# Exercise requirements
If a line in the entries contains the string "Enterprise", include that line in your answer.

# Data to process
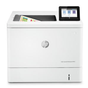
HP Color LaserJet Enterprise M555dn

HP's mid-level Enterprise-class color printer with speeds up to 38 ppm<sup>8</sup> and strongest security.<sup>2</sup>
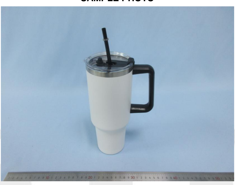
******* To be continued ******
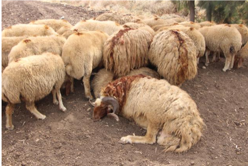
Fig. 2 Fat tailed Awassi breed Lebanon

Take from your people one thousand fat-tailed sheep, (that is) 500 male fat-tailed sheep and 500 fat-tailed ewes, and bring them to me.
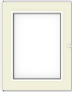
FRONT DOOR GLAZED — LOWER Part No. 040804-347
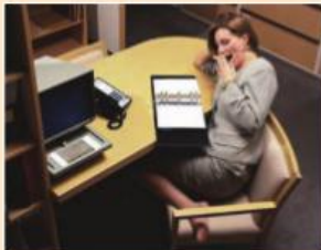
She is working hard these days. (Right now she is not working. She is yawning.)
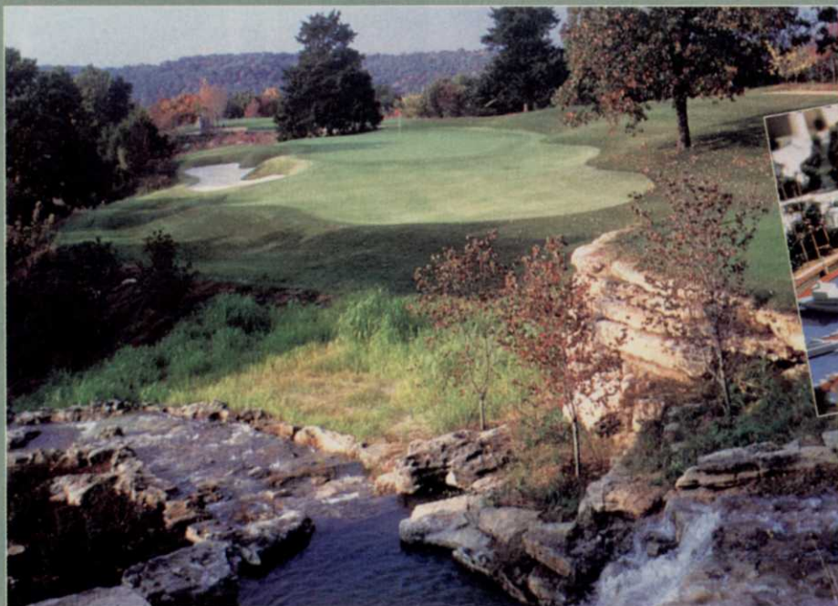
Top of the Rock designed by Jack Nicklaus.
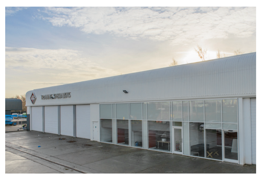
GTG Kilbirnie Street
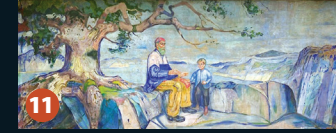
11 THE HISTORY 1911 / 1914-16
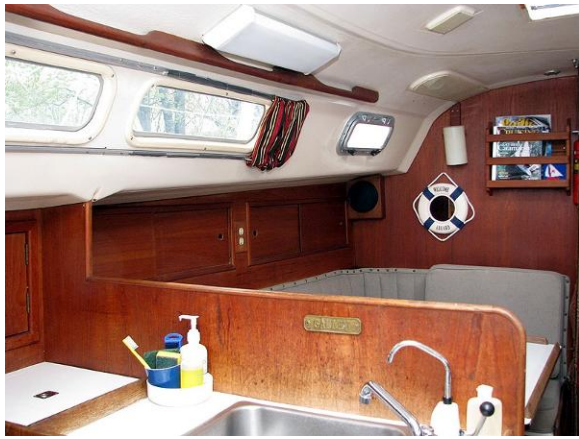
35' C&C Salon Port Side
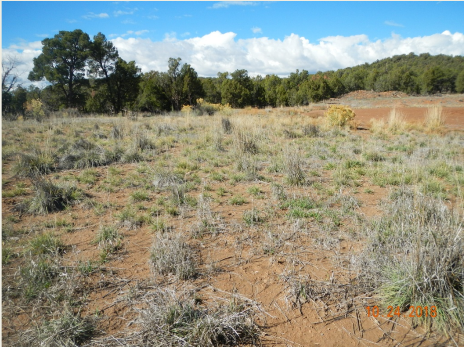
Photo 4. View of the western project area from the southern corner facing northward.
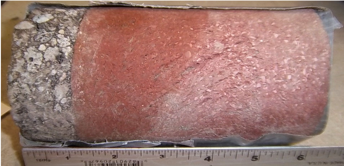
Core #21 Location: NE, Center on College Ave. 1" Asphalt / 5 ¼" Brick
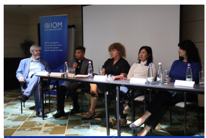
Panel discussion on daily challenges of migrant workers

Migrant workers in Hungary face labour exploitation risks, prompting IOM Hungary to organize a roundtable discussion in June 2023, supported by the Republic of Korea. Key issues discussed include language barriers, hazardous jobs, exploitation, higher scrutiny, and cultural conflicts. Ukrainian refugees, often overqualified for their jobs, experience skill mismatches. Integration challenges persist, necessitating support measures such as childcare and qualification recognition. Information gaps are common. Recommendations include depoliticizing the issue, simplifying regulations, and enhancing governmental capacity. IOM Hungary focuses on protecting migrant workers, promoting legal migration, and fostering integration. For more information click here .
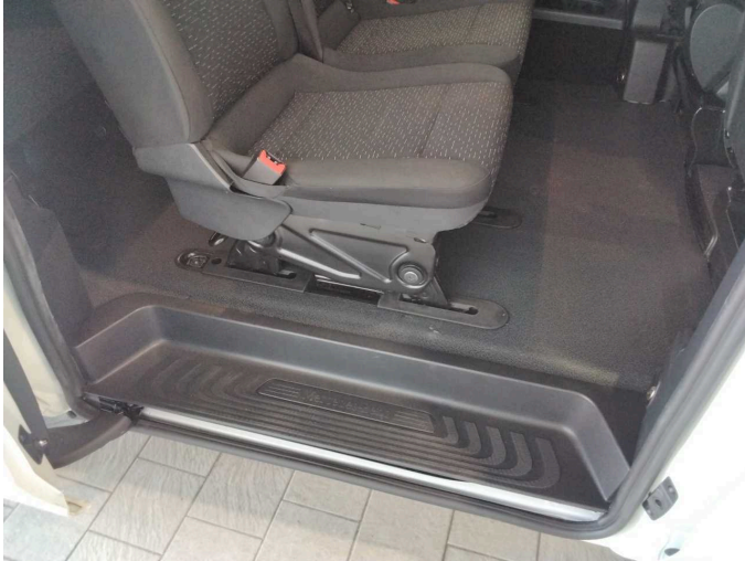
Damage 3: Trim / covers: Floor covering - front centre - Holes - Loss in value
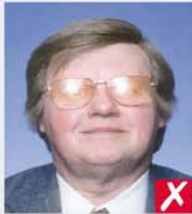
flash reflection on lenses
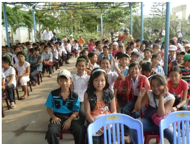
180 proud kids on program one graduation day..
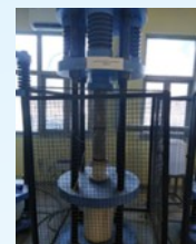
Creep testing in loaded condition

# Output of the exercise
HP Color LaserJet Enterprise M555dn
HP's mid-level Enterprise-class color printer with speeds up to 38 ppm<sup>8</sup> and strongest security.<sup>2</sup>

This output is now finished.